ピロートーク

やがて性愛

鼻歌のさびでつまずく

先日、激しく派手ににすっ転んだ。バスが行ってしまいそうだったので、追いかけようと走った際に左足をぐねってそのままスライディングしたのだ。
その結果、左足ねんざ、右すね擦り傷と打ち身、両手擦り傷、スマホケース半壊、靴とストッキング全壊、更にバス逃すという大損傷を負った。その日は昼間に大事な打ち合わせがあったため久しぶりにOLらしい服装をしていた。久しぶりにはいたストッキングにわたしの脚は守られたのだと思う。
ボロボロの状態で出社して、先輩方に「なんていうか…かわいそうに」と言われた。

左足が痛くてうまく歩けない。夕方に久しぶりに会った友人にそう言った。「お医者さんには行った?マキロンは?」と立て続けに聞かれ「病院はきらい しみるのもいやだ」と言ったら、おおまじめに病院に行くこときちんと治療することの大切さをわたしに語った。

 

その人とはその後、旅行のお土産を交換しあって、お茶をして、帰路へ向かった。この人と会う時別れる時はいつももう二度と会えないような気がしてしまうため「また会える?」と聞く。「会えるよ」「次はステーキハウスに行こう」だって。
友人は新宿にある某ステーキハウスが大のお気に入りで、ポイントカードを作ってこつこつためているらしい。

わたしたちは帰る方向が別だけれど、名残惜しくて、相手の使う駅まで送っていくことにした。

「足捻挫してるのに悪いよ」と遠慮されたけど「じゃあそこの坂のところまで」「そこの横断歩道まで」とずるずると駅まで着いていった。

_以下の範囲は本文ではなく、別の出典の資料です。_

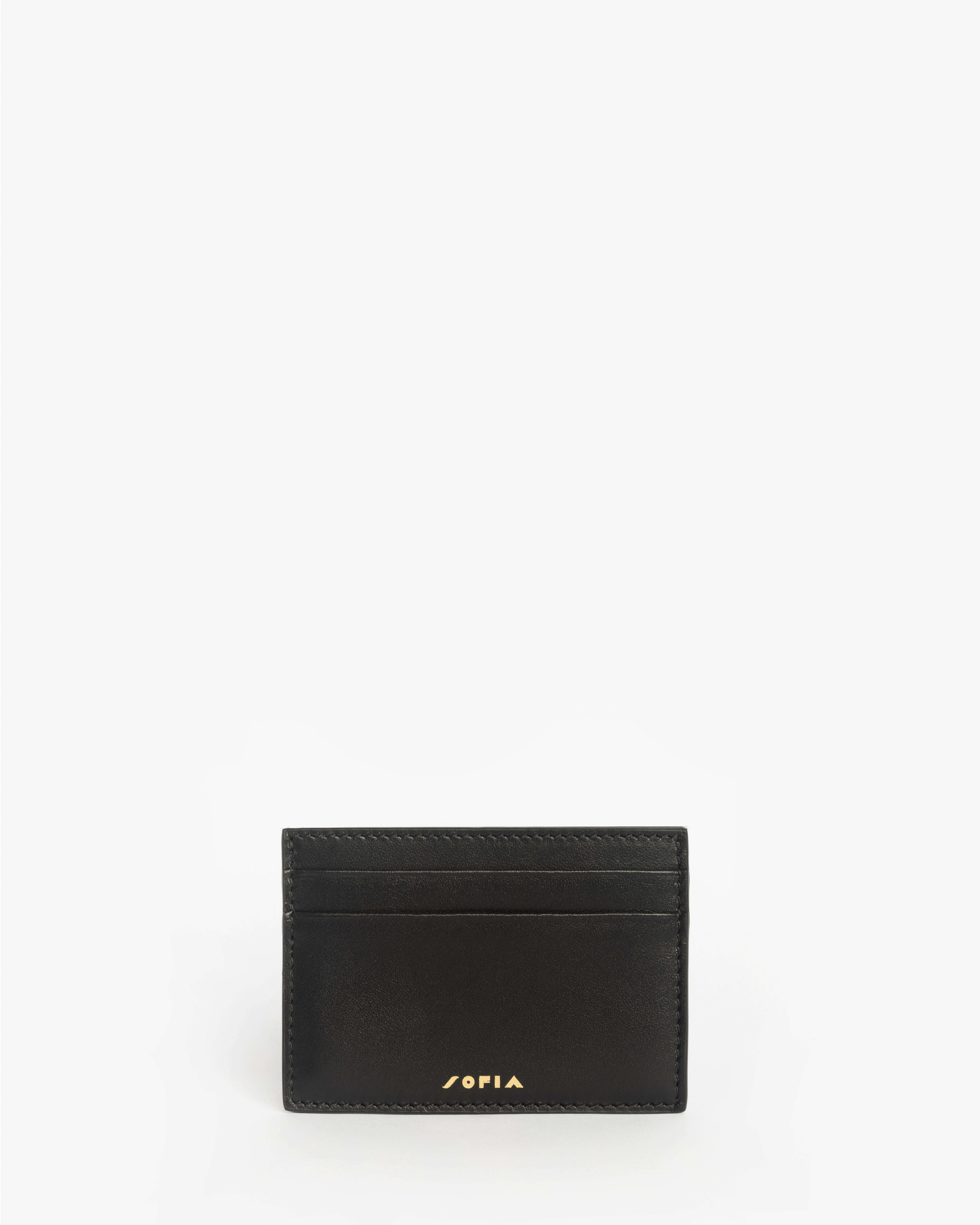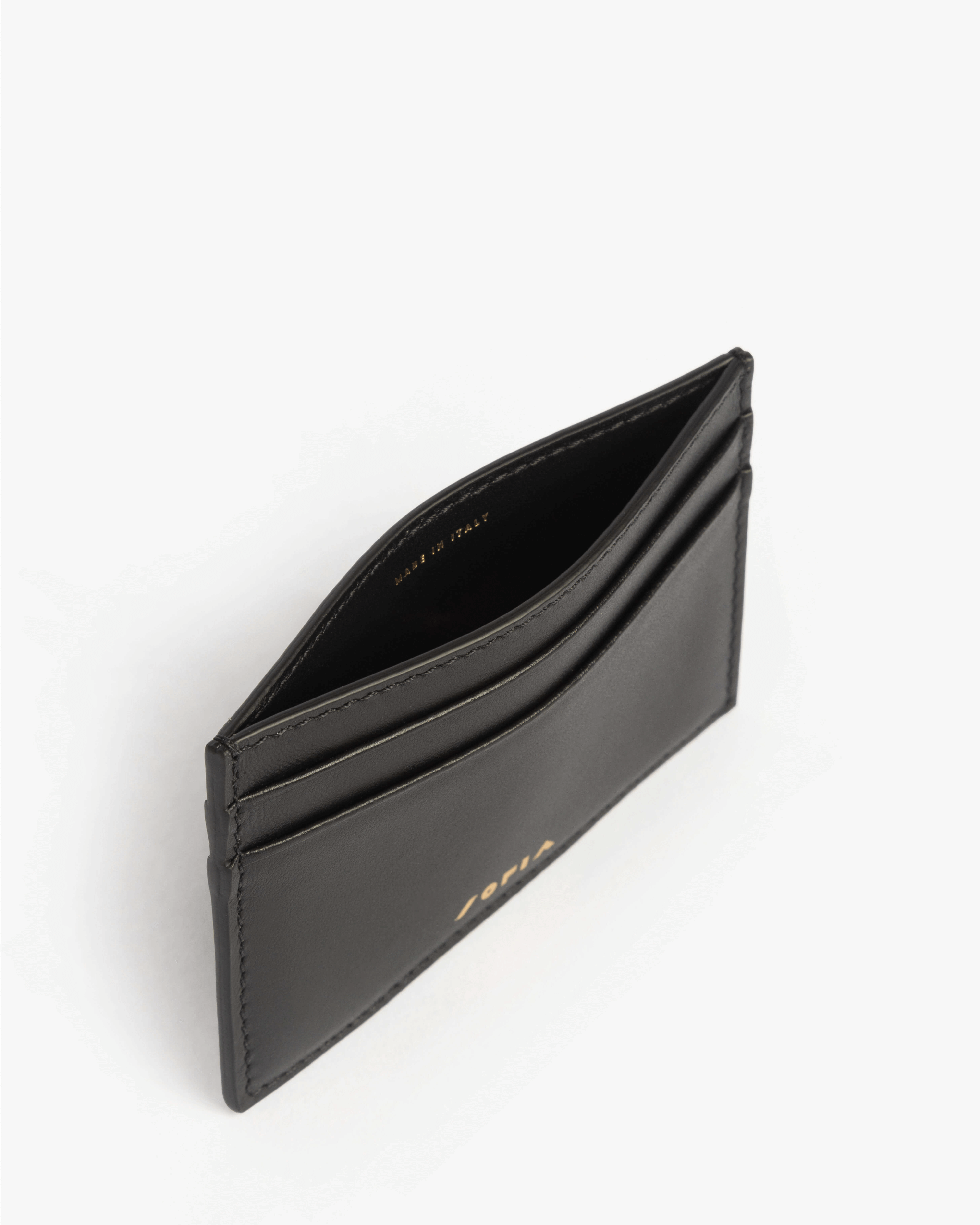 Portacarte bidimensionale in pelle nera con sei spazi per tessere e fe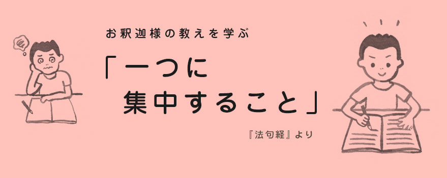 もし、皆さんが「テストでよい点を取る」「部活の試合で勝つ」などの目標を立て、その達成のために何をすべきかと聞かれたら、「あれもしなければ」「これもしなければ」と、たくさんの課題が出てくるのではないでしょうか。だからといって、思いついたこと全てを実行しようものなら、疲れてしまい、長者の息子のように、目標を達成できないことにもなりかねません。長者の息子が疲れてしまった原因は、いろいろな修行に目移りし、あれも、これもと、手を出して、全てを中途半端にしてしまったからです。

駅入り口の横には、おしゃれなカフェレストランがある。お客さんはいなく、既に閉店してるらしい。小学校の掃除の時間のように椅子が机のうえに上げられていた。横を通った時に店内からハイロウズの『日曜日よりの使者』が聞こえてきた。
わたしはこの曲がすごく好きでとても大切だから、嬉しかった。歌うのを我慢した。相手がこの曲を知らなかったら良くないから。心の中で口ずさむ。

 

このままどこか遠く連れてってくれないか
君は 君こそは 日曜日よりの使者

 

そういえば北海道出張の話はどうなったのか聞くと、まだ未定らしい。行くときは六花亭のバターサンドか苺のチョコレートを買ってきてねと念を押す。あっちゃんの予定も聞かれたから来月に島へ旅行する話をした。楽しそうで何より、と言われた。楽しいよ。
改札から手をふってバイバイ。帰る時にさっきのカフェレストランの横をまた通った。もう曲は変わっていて、ウルフルズの『笑えれば』になっていた。リアルな選曲だなと思った。わたしの予想だと、おそらく次の曲はエレカシだと思う。